*Data in this exercise*.

......

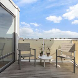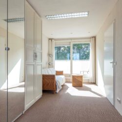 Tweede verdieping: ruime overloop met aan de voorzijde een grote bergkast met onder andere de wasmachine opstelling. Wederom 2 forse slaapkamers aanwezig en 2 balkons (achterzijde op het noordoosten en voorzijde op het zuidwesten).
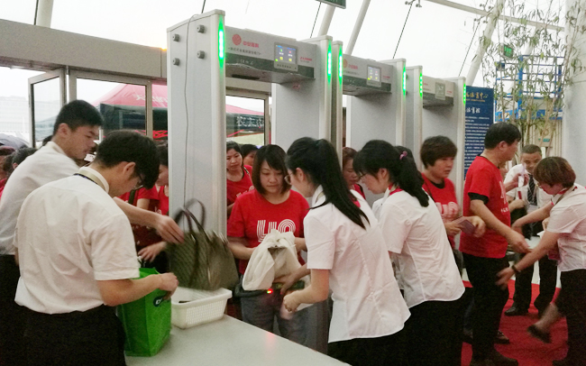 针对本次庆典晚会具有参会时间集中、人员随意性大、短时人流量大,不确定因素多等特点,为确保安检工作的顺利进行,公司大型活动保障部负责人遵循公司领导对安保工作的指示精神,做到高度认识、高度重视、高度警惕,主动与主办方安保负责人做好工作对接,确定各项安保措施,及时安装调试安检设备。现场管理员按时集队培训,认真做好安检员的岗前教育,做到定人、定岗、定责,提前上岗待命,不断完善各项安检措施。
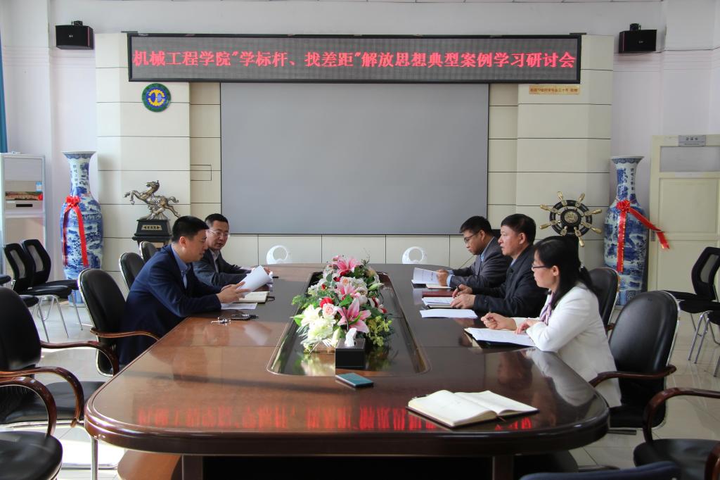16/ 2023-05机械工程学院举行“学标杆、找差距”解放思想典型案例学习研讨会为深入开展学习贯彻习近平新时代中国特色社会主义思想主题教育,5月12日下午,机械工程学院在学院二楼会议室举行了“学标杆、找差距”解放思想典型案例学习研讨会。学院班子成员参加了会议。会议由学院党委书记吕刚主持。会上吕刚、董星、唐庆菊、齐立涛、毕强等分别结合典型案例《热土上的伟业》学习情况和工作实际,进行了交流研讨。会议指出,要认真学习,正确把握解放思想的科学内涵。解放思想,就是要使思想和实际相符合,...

......

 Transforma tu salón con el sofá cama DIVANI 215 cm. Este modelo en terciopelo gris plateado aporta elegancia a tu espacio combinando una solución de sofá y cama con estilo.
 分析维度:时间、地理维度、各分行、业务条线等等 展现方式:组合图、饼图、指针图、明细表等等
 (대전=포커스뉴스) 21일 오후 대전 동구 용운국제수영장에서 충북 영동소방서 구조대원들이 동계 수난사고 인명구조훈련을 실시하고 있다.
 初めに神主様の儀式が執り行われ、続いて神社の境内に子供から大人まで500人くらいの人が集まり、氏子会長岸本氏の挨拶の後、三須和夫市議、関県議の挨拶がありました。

......

*What to work on*.
Return exactly the lines above from the line that has "Transforma tu salón" through the line that has "初めに神主様の儀式が執り行わ", inclusive, and nothing else.

*Result below*.
 Transforma tu salón con el sofá cama DIVANI 215 cm. Este modelo en terciopelo gris plateado aporta elegancia a tu espacio combinando una solución de sofá y cama con estilo.
 分析维度:时间、地理维度、各分行、业务条线等等 展现方式:组合图、饼图、指针图、明细表等等
 (대전=포커스뉴스) 21일 오후 대전 동구 용운국제수영장에서 충북 영동소방서 구조대원들이 동계 수난사고 인명구조훈련을 실시하고 있다.
 初めに神主様の儀式が執り行われ、続いて神社の境内に子供から大人まで500人くらいの人が集まり、氏子会長岸本氏の挨拶の後、三須和夫市議、関県議の挨拶がありました。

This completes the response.